Undoubtedly, the most reckless suggestion for DSM-V is that it include many new categories to capture the subthreshhold (eg, minor depression, mild cognitive disorder) or premorbid (eg, prepsychotic) versions of the existing official disorders. The beneficial intended purpose is to improve early case finding and promote preventive treatments. Unfortunately, however, the DSM-V Task Force has failed to adequately consider the potentially disastrous unintended consequence that DSM-V may flood the world with tens of millions of newly labeled false-positive “patients.” The reported rates of DSM-V mental disorders would skyrocket, especially because there are many more people at the boundary than those who present with the more severe and clearly “clinical” disorders. The result would be a wholesale imperial medicalization of normality that will trivialize mental disorder and lead to a deluge of unneeded medication treatments—a bonanza for the pharmaceutical industry but at a huge cost to the new false-positive patients caught in the excessively wide DSM-V net. They will pay a high price in adverse effects, dollars, and stigma, not to mention the unpredictable impact on insurability, disability, and forensics.
Dr.

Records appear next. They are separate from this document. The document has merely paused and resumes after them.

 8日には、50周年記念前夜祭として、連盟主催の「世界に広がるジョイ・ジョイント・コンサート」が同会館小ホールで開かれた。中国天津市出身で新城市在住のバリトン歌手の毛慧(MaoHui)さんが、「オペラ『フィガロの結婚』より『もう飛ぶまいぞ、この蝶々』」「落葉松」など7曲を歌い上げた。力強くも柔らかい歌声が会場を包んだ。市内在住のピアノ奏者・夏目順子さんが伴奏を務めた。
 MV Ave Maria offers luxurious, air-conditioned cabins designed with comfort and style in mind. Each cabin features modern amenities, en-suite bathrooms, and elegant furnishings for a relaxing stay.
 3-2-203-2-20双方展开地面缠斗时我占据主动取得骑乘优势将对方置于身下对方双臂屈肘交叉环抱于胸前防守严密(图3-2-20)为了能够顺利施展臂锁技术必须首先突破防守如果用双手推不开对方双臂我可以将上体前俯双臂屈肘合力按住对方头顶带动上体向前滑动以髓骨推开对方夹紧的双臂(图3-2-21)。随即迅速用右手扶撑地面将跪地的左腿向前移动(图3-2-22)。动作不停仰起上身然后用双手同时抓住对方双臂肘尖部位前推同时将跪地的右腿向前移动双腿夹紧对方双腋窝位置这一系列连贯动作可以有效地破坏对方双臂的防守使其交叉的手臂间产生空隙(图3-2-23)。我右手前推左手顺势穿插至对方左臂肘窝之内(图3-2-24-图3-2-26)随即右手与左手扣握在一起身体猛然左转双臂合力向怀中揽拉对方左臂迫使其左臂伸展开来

Frances’ goes on to say,
The incredible recent advances in neuroscience, molecular biology, and brain imaging that have taught us so much about normal brain functioning are still not relevant to the clinical practicalities of everyday psychiatric diagnosis. The clearest evidence supporting this disappointing fact is that not even 1 biological test is ready for inclusion in the criteria sets for DSM-V.
So long as psychiatric diagnosis is stuck at its current descriptive level, there is little to be gained and much to be lost in frequently and arbitrarily changing the system. Descriptive diagnosis should remain fairly stable until, disorder by disorder, we gradually attain a more fundamental and explanatory understanding of causality.

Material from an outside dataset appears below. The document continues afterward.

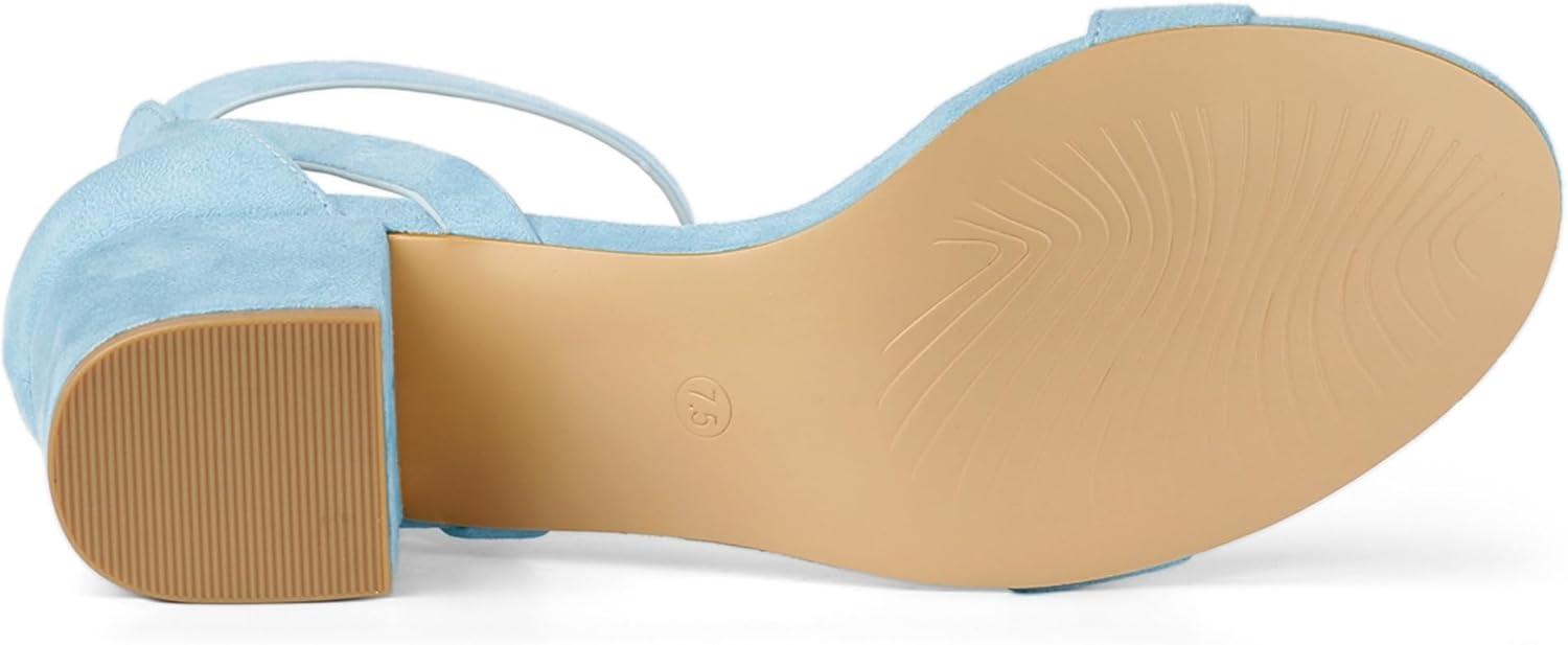 Allegra K Women's Ankle Strap Block Low Heel Sandal(Sky Blue)

Here we get to the heart of the dilemma. The field of psychiatry struggles to help patients, but the truth is that the neurosciences have yet to reveal the causes of psychiatric disorders. Without objective criteria to guide them, physicians fall back on descriptors which are imprecise and therapies which do not treat the underlying (and still unknown) pathology. Lacking the confidence to distinguish normal behavior from diseased, the field inadvertently medicalizes normalcy.
And Alex, the boy with Asperger’s, finds himself squarely in the crosshairs of this raging dispute.